Complete step-by-step answer:
Here we have to simplify the given expression. So we can write it
\[\Rightarrow \dfrac{3+\sqrt{6}}{\sqrt{75}-\sqrt{48}-\sqrt{32}+\sqrt{50}}=\dfrac{3+\sqrt{2\times 3}}{\sqrt{2\times 5\times 5}-\sqrt{2\times 2\times 2\times 2\times 3}-\sqrt{2\times 2\times 2\times 2}+\sqrt{5\times 5\times 2}}\]
Here we factorize the terms in square roots in prime factor, now we can write the expression as\[\begin{align}
  & \Rightarrow \dfrac{3+\sqrt{6}}{\sqrt{75}-\sqrt{48}-\sqrt{32}+\sqrt{50}}=\dfrac{\sqrt{3}\times \sqrt{3}+\sqrt{2}\times \sqrt{3}}{\sqrt{5\times 5}\times \sqrt{3}-\sqrt{2\times 2\times 2\times 2}\times \sqrt{3}-\sqrt{2\times 2\times 2\times 2}\times \sqrt{2}+\sqrt{5\times 5}\times \sqrt{2}} \\
 & \\
\end{align}\]
Now we take$\sqrt{3}$ common in numerator so we can write\[\Rightarrow \dfrac{3+\sqrt{6}}{\sqrt{75}-\sqrt{48}-\sqrt{32}+\sqrt{50}}=\dfrac{\sqrt{3}\left( \sqrt{3}+\sqrt{2} \right)}{5\times \sqrt{3}-4\times \sqrt{3}-4\times \sqrt{2}+5\times \sqrt{2}}\]
Now we can write the above expression as
\[\Rightarrow \dfrac{3+\sqrt{6}}{\sqrt{75}-\sqrt{48}-\sqrt{32}+\sqrt{50}}=\dfrac{\sqrt{3}\left( \sqrt{3}+\sqrt{2} \right)}{\sqrt{3}+\sqrt{2}}\]
As we see here $\sqrt{3}+\sqrt{2}$ is both in numerator and denominator so we can cancel it so we have
\[\Rightarrow \dfrac{3+\sqrt{6}}{\sqrt{75}-\sqrt{48}-\sqrt{32}+\sqrt{50}}=\dfrac{\sqrt{3}}{1}\]

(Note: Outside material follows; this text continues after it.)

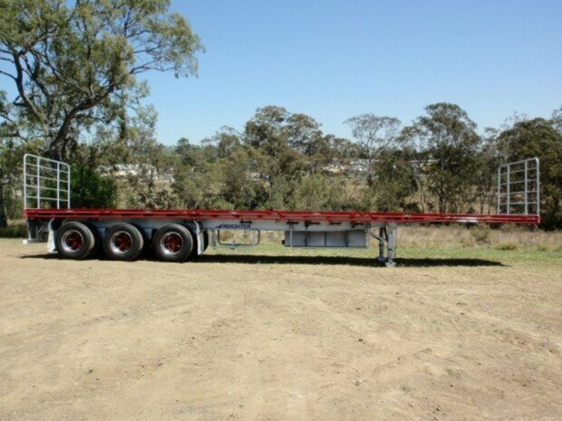 2003 FREIGHTER MAXITRANS. 22 pallet – Hendrickson air-bag suspension – 2x jumbo tool boxes – water tank – tyre and gate rack – chrome rims – spider hubs – Road train bracket. Very tidy trailer with new paint & scroll, straight floor. RWC.

So the value of given question is $\sqrt{3}$
Hence option B is correct

Note: When we have an expression we contain irrational numbers in such case we simplify it in such a way that we get common irrational terms by using rule of surds and prime factorization so that common terms cancel each other. Once we do prime factorization of surds we get a look how to proceed further.